Call function on vectors of mixed type (using `FunctionWrapper` and `Union`s)

Hi everyone and a happy new year!

In one part of my code I have a vector v whose elements have different types.
Additionally, I have a function f with different methods for all the involved types and want to call this function on the elements of the vector, let’s say I want to compute sum(f(x) for x in v).
What is the best/fastest way to do this?

There are three things I have tried so far

  1. Just leaving v as it is as a Vector{Any}
  2. Transforming v to a union typed vector of type Union{unique(typeof.(v))...}
  3. Using the FunctionWrapper.jl package (on either the normal or the union typed vector which doesn’t seem to make a difference).

What I observe from these three cases is that the implementation with the union type vector is the fastest for up to three different types and computation time jumps by a factor 1000 for four different types (I guess this has something to do with the union type splitting limit I read about elsewhere).
The time used by the implementation using FunctionWrapper, on the other hand, is independent of the number of different types but is a factor of 6 slower than the union type implementation for 1–3 different types (making it by far the fastest for more different types).

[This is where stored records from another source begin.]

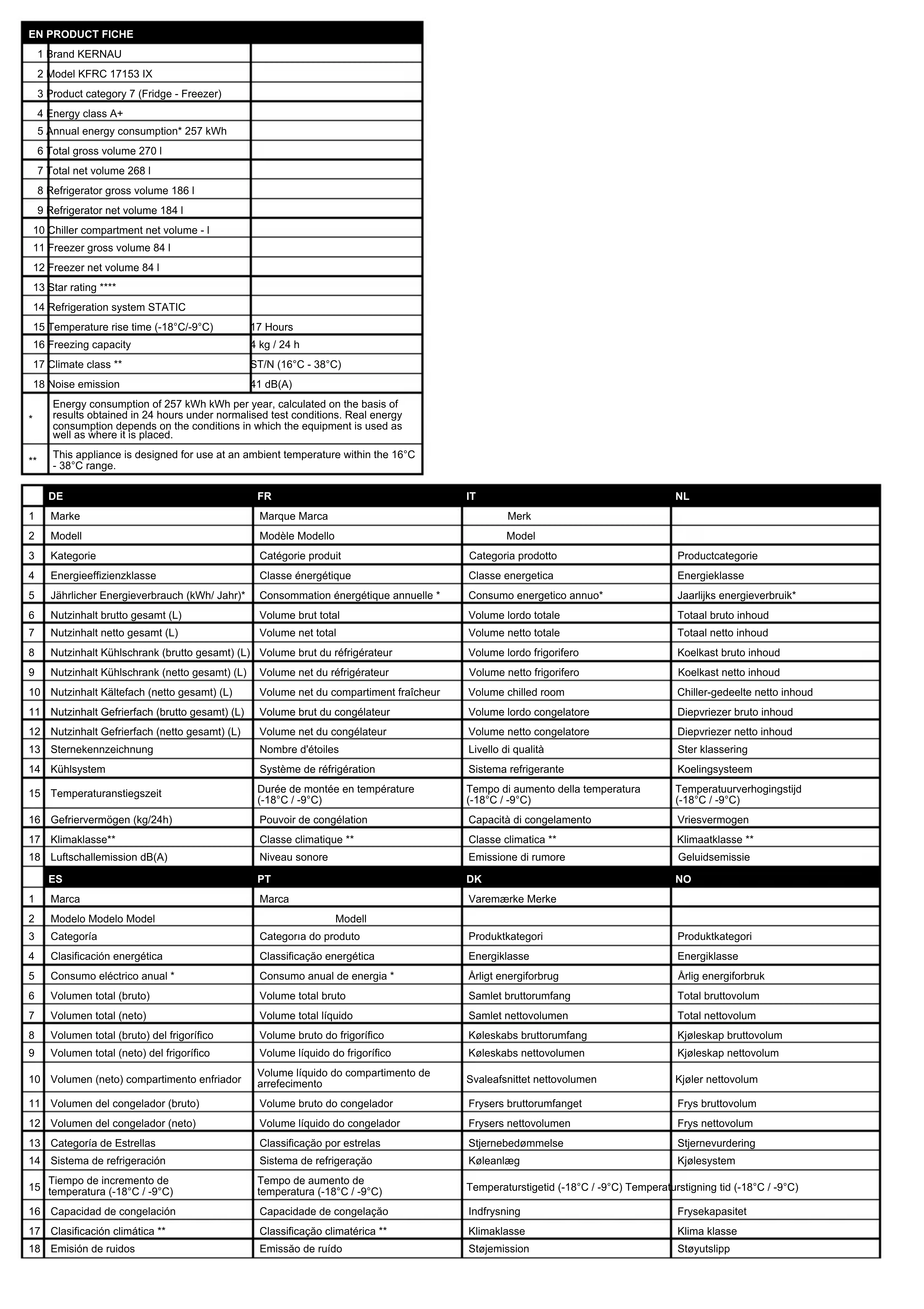 KFRC 17153 IX - Réfrigérateur Kernau - Notice d'utilisation et mode d'emploi gratuit
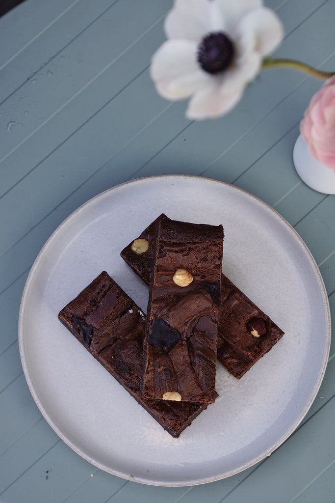Our fudgy house-made brownie, loaded with Whittakers dark choc chunks, hazelnuts & dutch cacao.
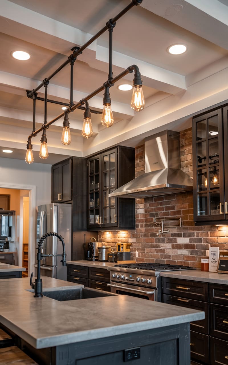 42. Industrial Kitchen with Linear Pipe Chandelier and Task Lighting
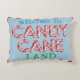 This colourful and festive accent pillow features a whimsical Christmas theme. The phrase "Welcome to Candy Cane Land" is printed across the centre, with "Candy Cane" printed in a red and white striped peppermint pattern. The background is a soft blue, with falling snowflakes.
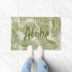 Papkolea Beach is one of the most colourful beaches in Hawaii, located on the south east point of the Big Island. The sand is green as a result of the mineral olivine from the volcanic cinder cone. We created this design from the inspiration of the colours of this beach and added palms that fan the breezes overhead. The colours are shades of palm greens and sandy naturals. Our floor mat says "Aloha" welcoming your guests to your beautiful beach house!
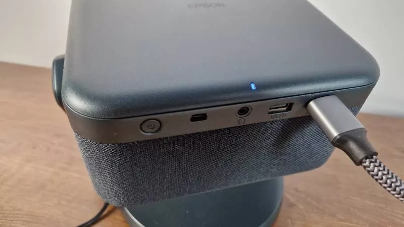 Na zadní straně projektoru Epson EF-22N se nachází HDMI vstup, konektor USB-A pro připojení flash disku a 3,5mm audiozdířka
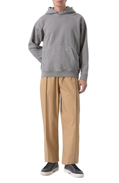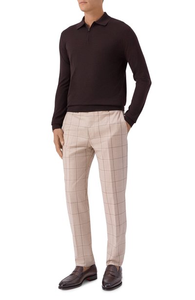 Брюки с эласт ичным поясом-кулиской выполнили из шерстяной фланели в меловую полоску. Помимо боковых карманов предусмотрели и задний.
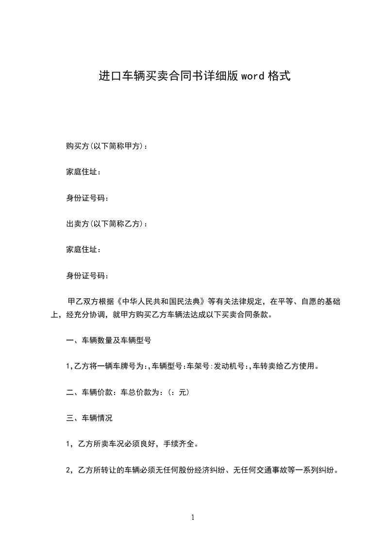 甲乙双方根据《中华人民共和国民法典》等有关法律规定,在平等、自愿的基础上,经充分协调,就甲方购买乙方车辆法达成以下买卖合同条款。
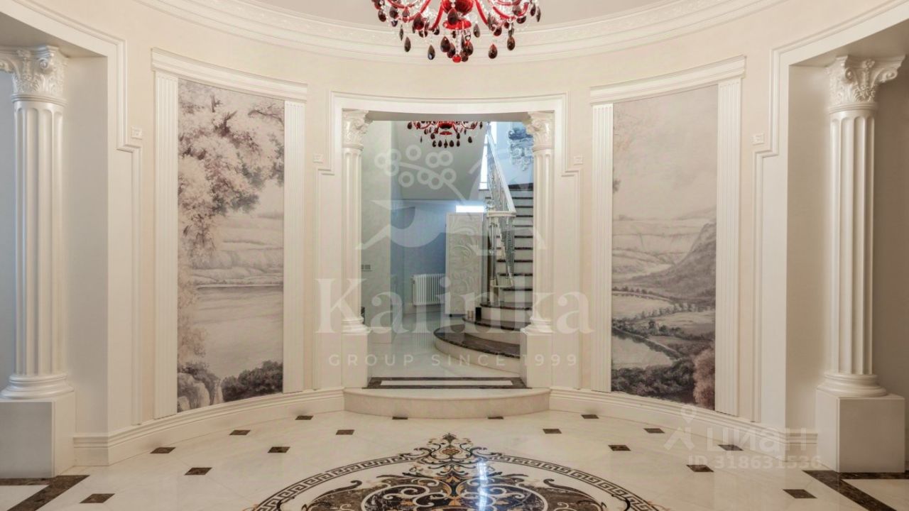 В доме уютная гостиная с выходом на террасу, 5 полноценных спален (3 из которых с собственными санузлами и гардеробными), просторный кабинет с камином (при необходимости может быть использован как дополнительная спальня), оборудованный тренажерами спортзал, домашний кинотеатр и бильярдная.
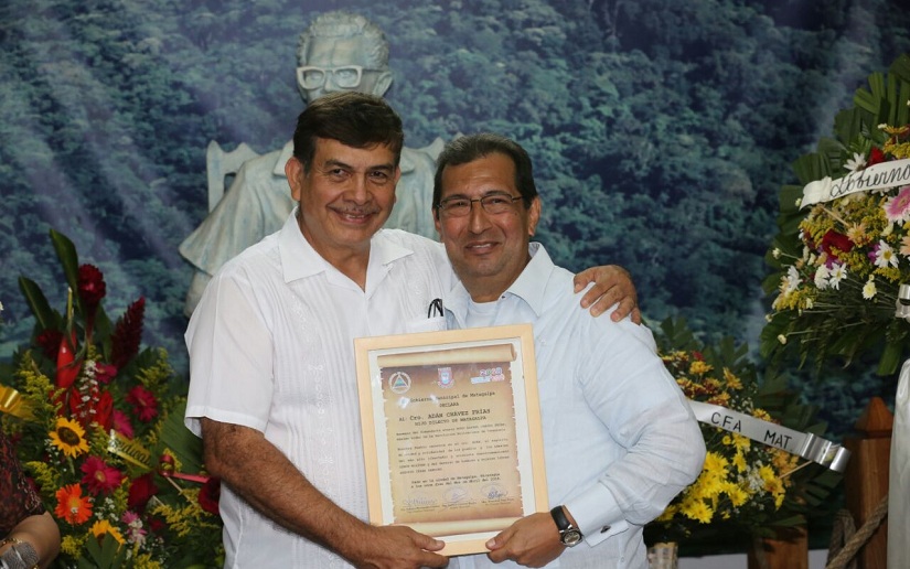 Ante la escultura del héroe nacional Carlos Fonseca Amador, el gobierno municipal de Matagalpa declaró hijos dilectos y entregó las llaves de la ciudad a los compañeros Adán Chávez y Elías Jaua.

So I guess in the in the end I have three questions:

  1. Most importantly, is there a way to further improve performance in such cases, especially for the case of many different types (an example code is appended below)?
  2. Since I like to understand the code I write, could someone maybe explain to me what FunctionWrapper actually does?
  3. I would also like to understand why I observe what I observe. Why is there this sharp increase in computation time for the Union type vector after more than three different types and why is my FunctionWrapper implementation for only one type slower than the “naive” implementation?

I am grateful for answers to any of these questions!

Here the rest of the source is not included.